Польша, год 1603-й от Рождества Христова. Некий человек объявляет, что он — чудом спасшийся царевич Дмитрий. Тот самый, который всех спасет и восстановит сакральное равновесие. Кем он был на самом деле — известно было, скорее всего, только ему самому и одному из возможных богов. Не то беглый монах, не то сын какого-то безвестного боярина, не то внебрачный сын польского короля… А может быть, и правда Сам, спасшийся Божественным провидением? Так или иначе его появление было очень удобно — в первую очередь для Польши, которой усиление России было не нужно вообще ни под каким предлогом, которая только лет двадцать назад заключила с Россией перемирие с перспективой дальнейшей войны, но при этом очень не хотела тратиться на нее. А посадить на русский престол своего человека — куда дешевле, чем тратиться на войну, особенно когда ее результат непредсказуем. Необходима только небольшая агитационная работа: грамотно распустить слухи, отправить несколько десятков писем самым недовольным боярам (недовольным Годуновым, естественно), раскидать в нужных местах достаточное количество золота — и готово! Гениальный по своей простоте и умению пользоваться обстоятельствами план.

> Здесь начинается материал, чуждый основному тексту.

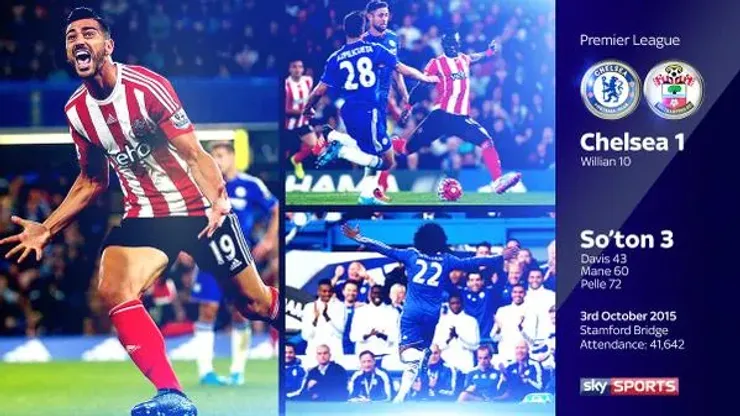 Southampton equalised after Ramires was booked for a foul on Mane, and Fonte played the ball long to Pelle, with his back to goal.

Где-то через полтора года после своего чудесного явления свежевоскресший Дмитрий оказывается на обильно удобренной отчаянием, апокалиптическими настроениями и подобающей своему приходу агитацией русской почве. Его цель — Москва, где засел самозванец и лжепророк, полностью нелегитимный по всем позициям, кроме юридической (его же все-таки избрали бояре и сам народ посредством Земского собора), Бориска Годунов.

За репрезентацию этому Дмитрию можно ставить твердую пятерку. Возможно, спустя четыре сотни лет по степени привлекательности и убедительности с ним сравнялся Ленин. Люди абсолютно искренне верят в то, что Настоящий Царь вернулся, Божий промысел непостижим, беды вот-вот прекратятся, надо только дать возможность Дмитрию вернуться в Кремль — «и вот тогда заживем».

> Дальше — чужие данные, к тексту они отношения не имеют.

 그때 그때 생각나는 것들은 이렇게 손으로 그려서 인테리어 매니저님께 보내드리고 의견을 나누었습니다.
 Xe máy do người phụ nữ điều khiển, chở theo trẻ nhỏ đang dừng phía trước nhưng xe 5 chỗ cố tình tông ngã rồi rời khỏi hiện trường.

Почему Дмитрий не вернулся раньше, где он был все эти годы, почему с ним толпа поляков — лучше не спрашивать. Прятался, копил благодать, похищали инопланетяне — да наплевать, главное что вернулся. Спаситель пришел!

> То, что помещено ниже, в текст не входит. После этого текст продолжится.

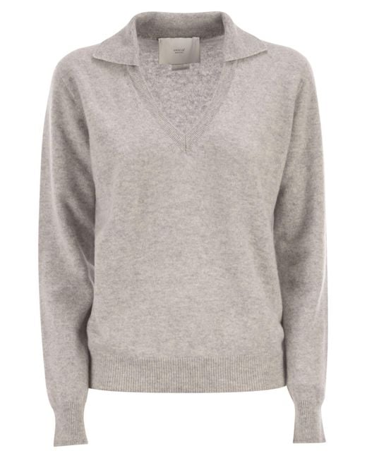 Soft and warm, this new V-neck polo neck jumper in pure cashmere and shaved wool has a comfortable, feminine design. The soft lines and slightly dropped shoulders complete the look. - Polo neck - V-neck - Dropped shoulders - Shaved wool knit DESIGNER ID: V54623 GRIGIO MEDIOSpecificationValueYear2025SeasonFALL / WINTERMaterials100% CashmereColorGREYColor CodeGRIGIO MEDIOMade InItalyGenderWomenSize FormatIT Colour: grey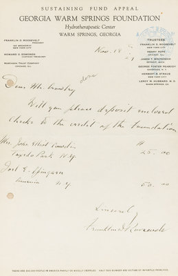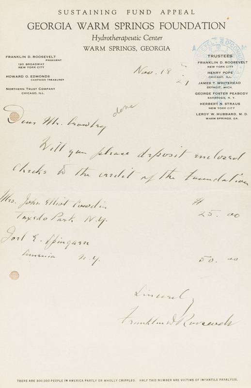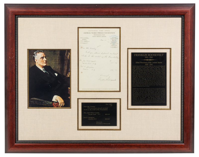 CLEVELAND, Grover (1837-1908). Autograph letter signed ("Grover Cleveland"), as former President and President-Elect, to Sidney Webster. New York, 7 January 1893. 3 pages, 8vo, on a bifolium, on personal stationery. Arranging a visit, and discussing his busy schedule in the face of the Treasury crisis, the Panic of 1893: "I hardly think in present circumstances that it would be well for me to do as you suggest though I am very anxious on the subject and am doing all I prudently can, as it seems to me, in the direction a better silver condition…" -- EISENHOWER, Dwight D. (1890-1969). Typed letter signed ("Ike") with autograph postscript signed ("D"), to Mr. and Mrs. Lewis L. Strauss, Gettysburg, Pennsylvania, 19 October 1966. 1 page, 4to, on personal stationery, creased at folds; matted and framed. Eisenhower's post-script to his friend reads: "To Lewis - I shall obey your orders about refraining from refraining from writing a letter about my favorite Scotch." -- HARDING, Warren G. (1865-1923). Typed letter signed ("W. G. Harding"), to Hon. William E. Mason. Marion, Ohio, 16 July 1920. 1 1/2 pages, 8vo, written on recto and verso on United States Senate letterhead, spotted, smudge in margin on first page, mounting remnants on verso, pencil note (in an unknown hand) with reply date in upper margin. Harding writes the Congressman (and former Senator) from Illinois discussing his upcoming acceptance speech after receiving the Republican nomination for President at the June convention in Chicago. -- ROOSEVELT, Franklin Delano (1882-1945). Autograph letter signed ("Franklin D. Roosevelt"), to Mr. Crowley. Warm Springs, Georgia, 18 November 1921. 1 page, 4to, on Georgia Warm Springs Foundation letterhead, pencil notation in recipient's hand, holes punched in left margin just touching first letter of salutation; mats and frames available. Enclosing checks for Georgia Warm Springs Foundation (not present here).

Понятное дело, что Годунову, долго и старательно пробиравшемуся к власти и даже для большей убедительности женившему собственную сестру на чахлом и безразличном ко всему, кроме церковных колоколов, сыне Грозного Федоре, такой вариант развития событий не нравится совсем. Скорее всего, у него не было сомнений в том, что настоящий Дмитрий уже десяток лет как под землей, да и, скорее всего, он и правда там был. Но кому какое дело? Народу все равно. Какая-нибудь Акулина из-под Брянска, которая про Дмитрия и знала-то только что он есть, и то только из церковных проповедей, даже слабо представляет, как этот Дмитрий выглядит. Но если пришел выглядящий достаточно респектабельно человек, который заявляет, что он — царь Дмитрий, и он пришел на Русь, спасшись Божьим промыслом, и все теперь будет хорошо… Особенно когда для большей убедительности он периодически заявляет, что, если он самозванец, то Божья воля его вот пусть хоть прямо сейчас и испепелит — это действует крайне убедительно.

Новоявленный Дмитрий движется к Москве, Годунов ломает голову над тем, что делать. Долго ломать не пришлось — в апреле 1605 года он избавился от всех проблем единомоментно и максимально эффективно. Умер, иными словами.

Играл себе в шахматы, да вдруг запрокинул голову, изошелся кровью и хрипами, да и отправился в Царствие Небесное. Чем только добавил очков в рейтинг своего непонятно откуда взявшегося политического конкурента.

Нет, конечно, он оставил наследника. Шестнадцатилетнего сына Федора, смышленого и позитивного мальчика, статус которого, впрочем, был изрядно подпорчен статусом его отца, да и в качестве правителя его не видел никто. Какой из него правитель, когда настоящий и законный Дмитрий шагает по стране? Через два месяца он присоединился к отцу по ту сторону привычной нам реальности: был убит довольно пошлым образом недалеко от современной станции метро «Красносельская». Спустя еще несколько дней Дмитрий торжественно вошел в Москву. Путь к власти был свободен. Поляки, организовавшие этот рискованный проект, ликовали, предвкушая скорое исчезновение довольно назойливого соседа в виде Русского царства.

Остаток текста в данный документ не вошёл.